**Task to complete**.
Repeat the records below exactly, from the first line through the line containing "Старший воспитатель Сабирзянова", and leave out any pictures.
○ ○ ○
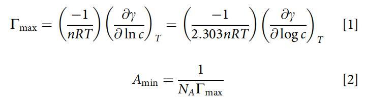 根據(jù)吉布斯吸附等溫線方程(方程1和2)[23]的近似形式計(jì)算最大表面過(guò)剩(Cmax)和最小表面積(Amin):
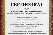 Старший воспитатель Сабирзянова Э.Х. прошла целевую программу старших воспитателей ДОО по реализации стандарта в образовательный процесс ДОО по программе "Управленческая культура старшего воспитателя в условиях введения и реализации ФГОС ДО"
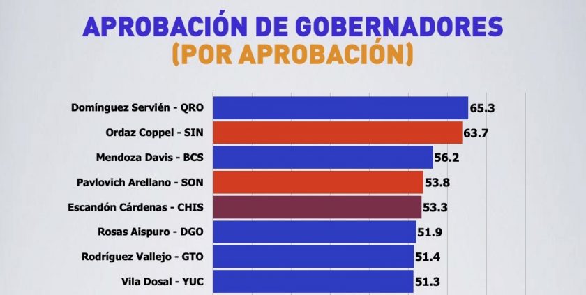 En total hay cinco gobernadores con un nivel de aprobación superior al de Andrés Manuel López Obrador (52.7%). Claudia Pavlovich, de Sonora (53.8%), y Rutilio Escandón, Chiapas (53.3%) completan el “Top 5”.
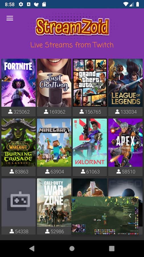 Если вы являетесь поклонником киберспорта или любите смотреть трансляции игр на смартфоне, планшете или Андроид ТВ, то программа StreamZoid - Twitch player создана специально для вас.
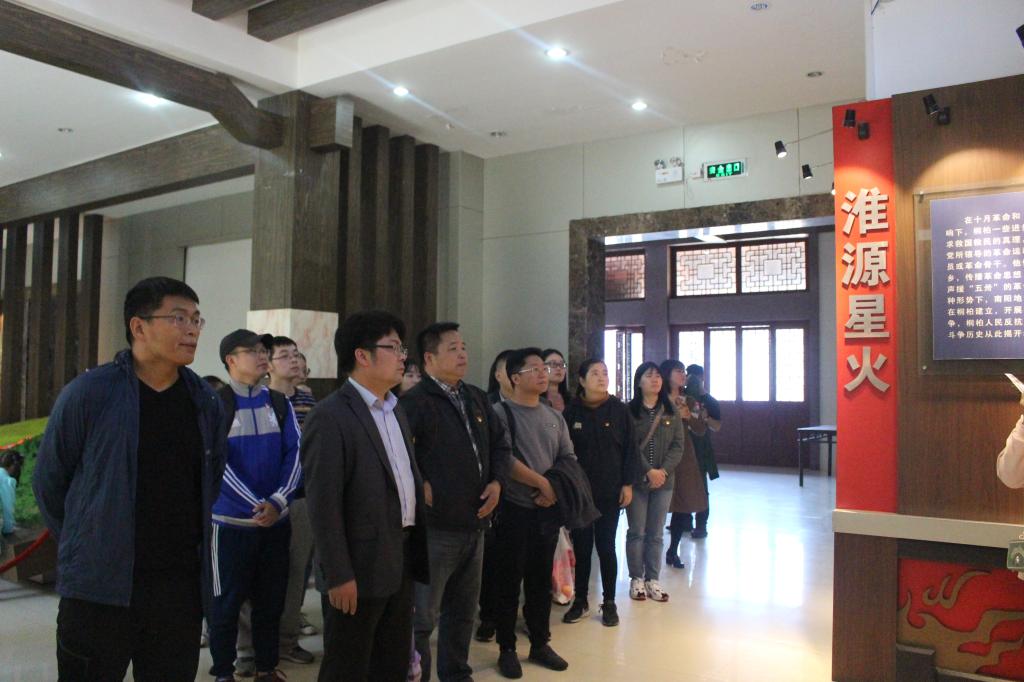 桐柏革命纪念馆位于桐柏县城南叶家大庄,是全国百家红色旅游经典景区之一、河南省爱国主义教育基地。展馆内收集了桐柏老区在国内革命战争、抗日战争、解放战争、社会主义革命和建设时期的有关史料,记录了革命烈士为谋取人民幸福抛头颅、洒热血的丰功伟绩,展现了桐柏人民坚韧不拔的精神风貌。该馆主展厅分为"淮源星火"、"红旗漫卷"、"抗日烽烟"、"中原伟业"、"桐柏霞光"五部分。党员们怀着崇敬的心情参观了南阳桐柏革命纪念馆。进入展馆,一件件历经沧桑的文物资料、一张张定格历史的珍贵照片、一幕幕展现风云变迁的历史影像,让大家备受震撼和鼓舞。在讲解员的带领下大家认真聆听,不时驻足端详,详细了解展品背后的故事,重温党的光辉历史,接受了革命传统教育,更加深入直观地了解到先烈们所经历的艰苦岁月和那种不畏艰苦、乐于奉献的革命精神。
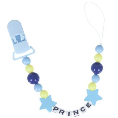 Держатель для соски — пустышки «Prince». Прищепка для пустышки предотвратит потерю маленького предмета. Используйте специальный держатель, и соска всегда будет под рукой! Изделие фиксируется на одежде ребенка. На конце цепочки есть карабин, который зацепляется за кольцо пустышки. Надежное крепление убережет вещь от падения на пол, если малютка случайно выронит ее изо рта. С держателем можно играть, притягательный дизайн точно понравится малышу. Товар изготовлен из качественного нетоксичного материала. Подходит для деток с рождения.
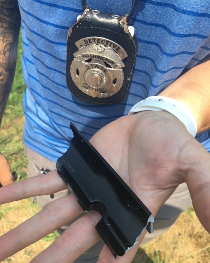 17. Осколок від автомобіля, знайдений на місці, де збили велосипедиста
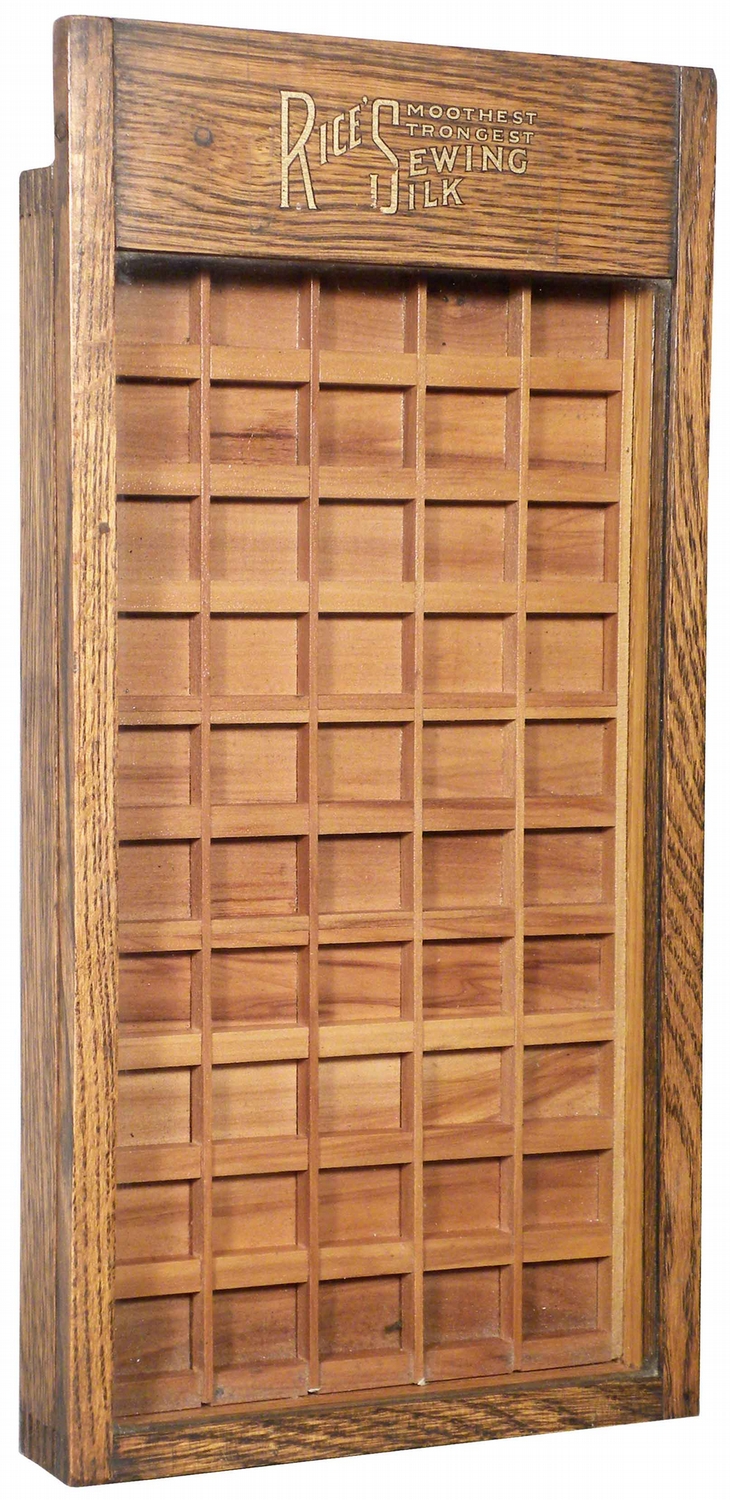 Rice's Sewing Silk Store Display Case. Glass and wood with original decals. Near mint condition. 8 1/2 X 17 X 2 inches.
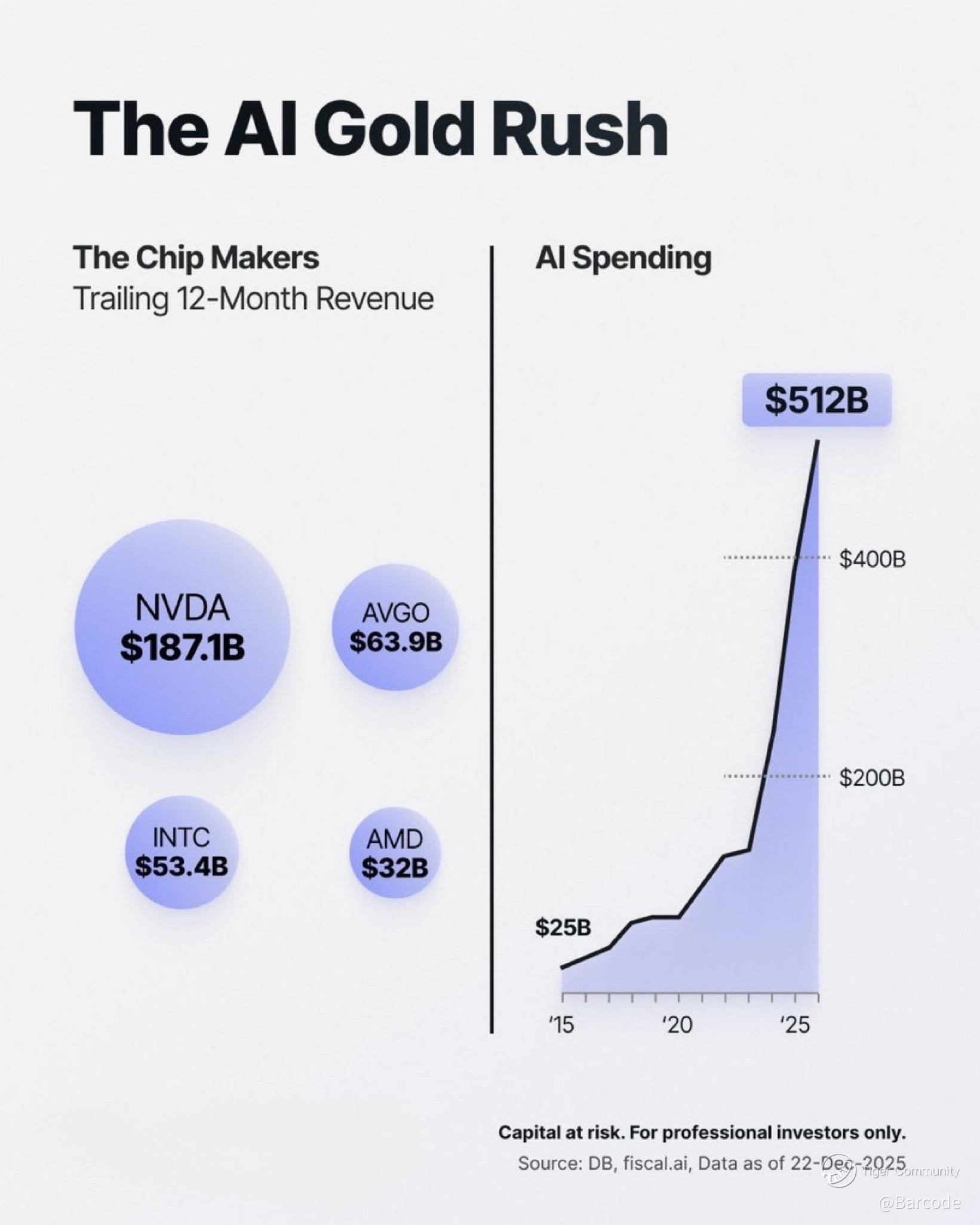 The AI spend chart ties this together cleanly. Global AI investment has expanded from roughly $25B in 2015 to over $512B in 2025. That scale of growth forces capital further along the value chain. Chips first, infrastructure next, and now increasingly into software platforms that monetise inference, deployment, and data advantage.
○ ○ ○
**Exercise solution**.
 根據(jù)吉布斯吸附等溫線方程(方程1和2)[23]的近似形式計(jì)算最大表面過(guò)剩(Cmax)和最小表面積(Amin):
 Старший воспитатель Сабирзянова Э.Х. прошла целевую программу старших воспитателей ДОО по реализации стандарта в образовательный процесс ДОО по программе "Управленческая культура старшего воспитателя в условиях введения и реализации ФГОС ДО"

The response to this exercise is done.